AutoHCT is a commonly used procedure that uses a patient’s existing stem cells to target cancerous cells in the body. Stem cells are harvested from the blood or bone marrow and frozen to remove contaminants before being reintroduced to the body. After treatment with high dose chemotherapy or radiation, the stem cells replenish the body’s blood and immune cell populations, allowing for bone marrow recovery and immune system restoration.2
The researchers analyzed data collected from the California Cancer Registry (CCR), the Center for International Blood and Marrow Transplant Research (CIBMTR), and the California Patient Discharge Database. The CCR provided researchers with demographic information including race, ethnicity, insurance status, education, employment status, and other measurements, which were compared against rates of autoHCT treatment in individuals diagnosed with MM between 1991 and 2016.1
Study authors used novel data linkage between the CCR, CIBMT, California’s patient discharge database, and hospitalization records to identify autoHCT treatment in a population-based MM cohort.
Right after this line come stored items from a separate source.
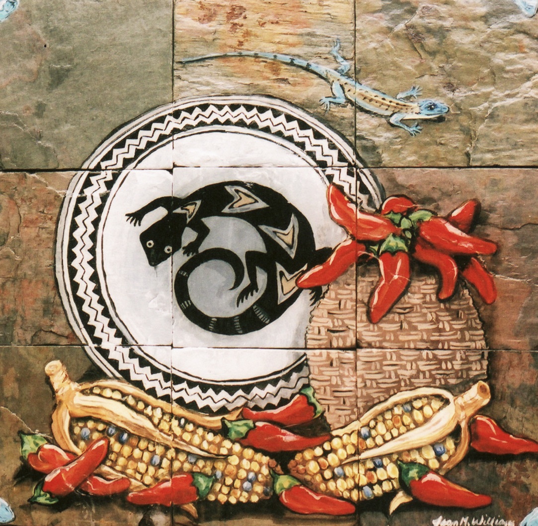 Previous Image Next Image IMG_0003 Mimbres Pottery Design Southwest Slate Tile Mural Red Chiles With Mimbres Lizard Pottery, Corn & Basket
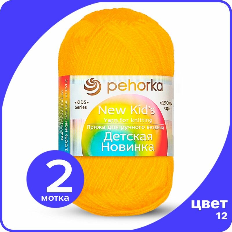 Пряжа Пехорка Детская новинка желток (12), 100%высокообъемный акрил, 200м, 50г, 2шт
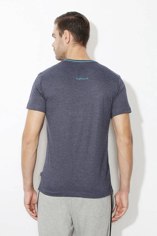 Van Heusen Blue Melange Round Neck Full Sleeve T-Shirt for Men #60037

Hazard ratio and confidence intervals were used to evaluate the association between demographic data and the likelihood of receiving autoHCT therapy. To account for interactions between different treatment stages, study authors used stratified multivariable Cox proportional hazards regression models.1
Of the 29,109 patients included in the study, 18.9% received autoHCT treatment. Although findings showed an increase of patients with MM who received treatment from 5.7% (1991 to 1995) to 27.4% (2011 to 2016), minority and uninsured populations received significantly less access to treatment. Black patients received a lower proportion of therapy at 15.8% (2011-2016 HR 0.83, CI: 0.72-0.95). Hispanic patients were less likely to undergo autoHCT, particularly in the earliest treatment era (1991-1995 HR 0.58, 95% CI: 0.37-0.90; 2011-2016 HR 1.07, CI: 0.96-1.19).1
Patients with public insurance or who were uninsured were less likely to receive treatment [2011-2016 Medicare hazard ratio (HR) 0.70, 95% confidence interval (CI): 0.63-0.78; Medicaid HR 0.81, CI: 0.72-0.91; no insurance HR 0.56, CI: 0.32-0.99).1Alternatively, individuals with private or military health insurance had a higher likelihood of receiving autoHCT therapy, at a rate of 28.4%. This data prompts further investigations into how public health insurance affects patient evaluation for treatment eligibility, referrals to transplant centers, and other potential impacts.2
Researchers also measured neighborhood socioeconomic status (nSES), which accounts for education, employment, poverty, etc., and found this also played a role in a patients’ likelihood of receiving treatment. Patients living in neighborhoods with higher nSES scores showed increased rates of autoHCT usage, while those in lower socioeconomic status neighborhoods were less likely to undergo therapy. However, study authors note these differences decreased over time.1
Identifying the social and economic barriers that prevent patients with MM from receiving autoHCT therapy is crucial to ensuring equitable access to care for all patient populations. Further research into understanding these treatment obstacles enables health care providers and policymakers to develop interventions and systems that ensure access to care and improved patient outcomes.